Life in a Vacuum

Today will mark 100,000 visitors to this Naked Man Project Blog since it began the beginning of January earlier this year.  I had turned off the counter to exclude myself and had set up spam filtration not to inflate the numbers.  This total is the two blogs combined since I have still continued the original blog on Blogger because there seems to be a lot of foreign visitors who are using translators on that site.  Recently there have been about 500 followers per day.  I am a bit awestruck to reach such a number and I am honored that so many people have followed this project.  Many of you have become friends on my Facebook page and I am amazed by the diversity of people who have connected to me over the year.

I feel a lot of emotions beginning to overwhelm me now that I am in the final week of the project.  I now have models that are becoming reluctant to be shown in the project because it has grown so much and suddenly when their names are Googled it leads to this project and some of them are reluctant to have this much exposure, so to speak.  We are a very small community that typically is not open about such things.  And I doubt greater Missoula has much knowledge the project even exits.  I know at UPS, nobody is aware of its creation and what I have been doing, so in an odd sense it still remains a secret.  Most of my family is not on Facebook and none of them are followers either, in fact most every one that surrounds my immediate world is completely oblivious to my undertaking, or has not mentioned anything.  I feel like I should have a celebration to have accomplished this project, but there is no one around me to share that celebration.  It now exists in a strange vacuum on the Internet and I am honored to have shared it with those of you who follow it.  You see in my world the naked man is still taboo, physically and emotionally.  We are still a civilization here that becomes uncomfortable with the expose of nudity, and equally so about not expressing our feelings, personal thoughts, emotions, and especially anything to do with homosexuality.  To Montana this project is foreign and in a sense so far ahead of it’s time.  Yet we exist on the Internet, sharing our daily activities and images through all the social networking in many ways trivializing our lives for all to see.  Does everyone need to know the daily details of our existence?  I have tired to approach this project on a broader scope and tried to create a vision of my time.  Writing about issues we are all dealing with, well not all, people more like me, stuck in a places more like mine, struggling with identity, fear of creation in an absence of beauty.  We live in a turbulent time of great uncertainty where day-to-day life is still a struggle.  Where dreams begin to fade into a dreary escapism as we grow further and further from our true nature or sense of self.  Has the world always been this way or am I just now paying attention?

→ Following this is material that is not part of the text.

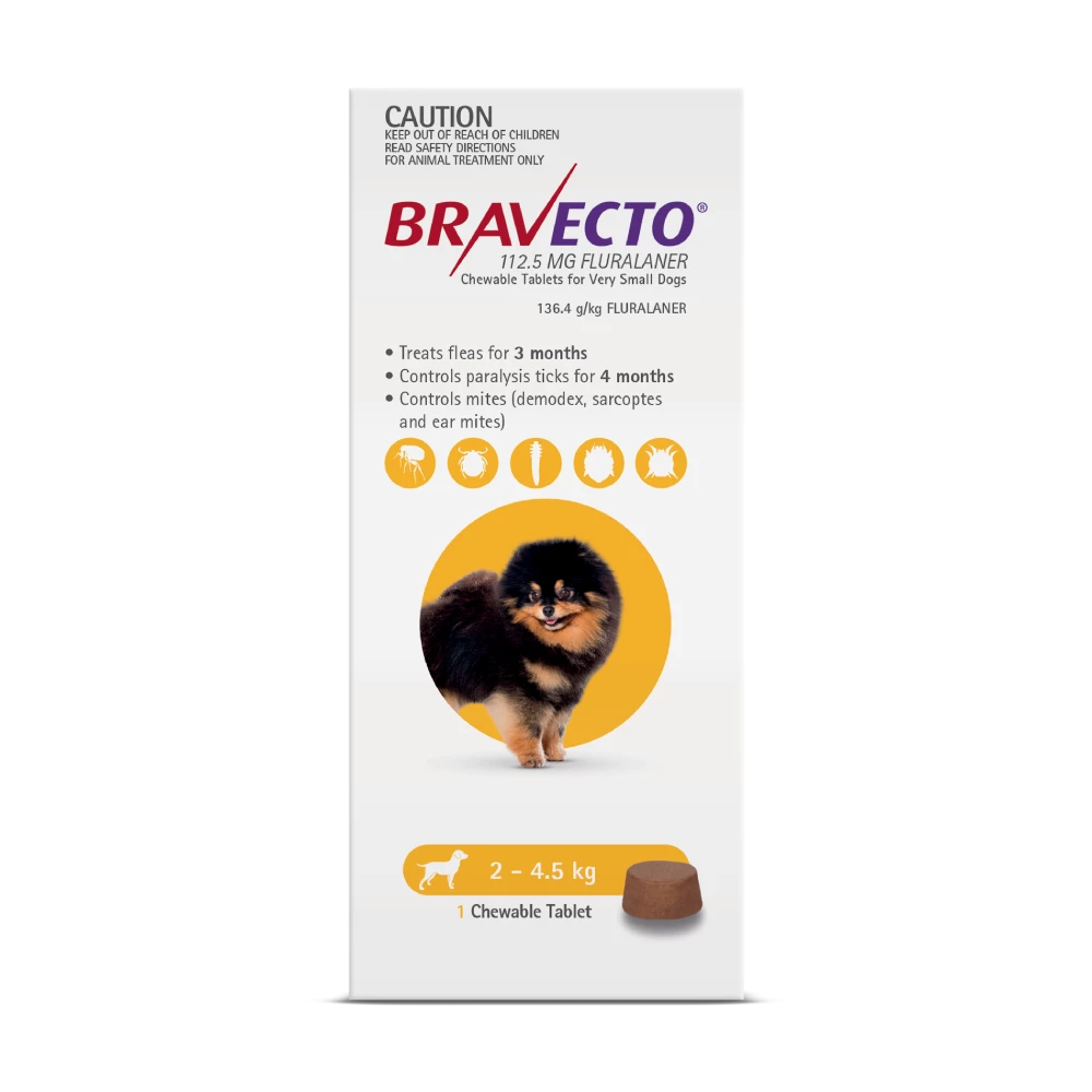 Bravecto Chewable tablets for dogs is a chewable tablet for the treatment and prevention of flea infestation and control of brown dog tick and paralysis ticks. Bravecto Chewable tablets protect against fleas for 3 months and against the deadly paralysis ticks for 4 months. Bravecto Chewable tablets also control Flea Allergy Dermatitis in dogs by controlling adult fleas. It can be used on puppies over 4.5lbs in weight and from 8 weeks of age and is safe to use on breeding, pregnant or lactating animals. It comes as an easy to administer, tasty, chewable tablet.

This year has been a tremendous amount of work and I feel weary and tired.  I have literally taken a year off with great sacrifice for its completion.  It will be good to put my focus on others aspects of my life that have been neglected through out the course of the year.  My focus now begins to turn outward toward those what surround me, but now with a greater awareness and appreciation for what I have become through the process of this evolution.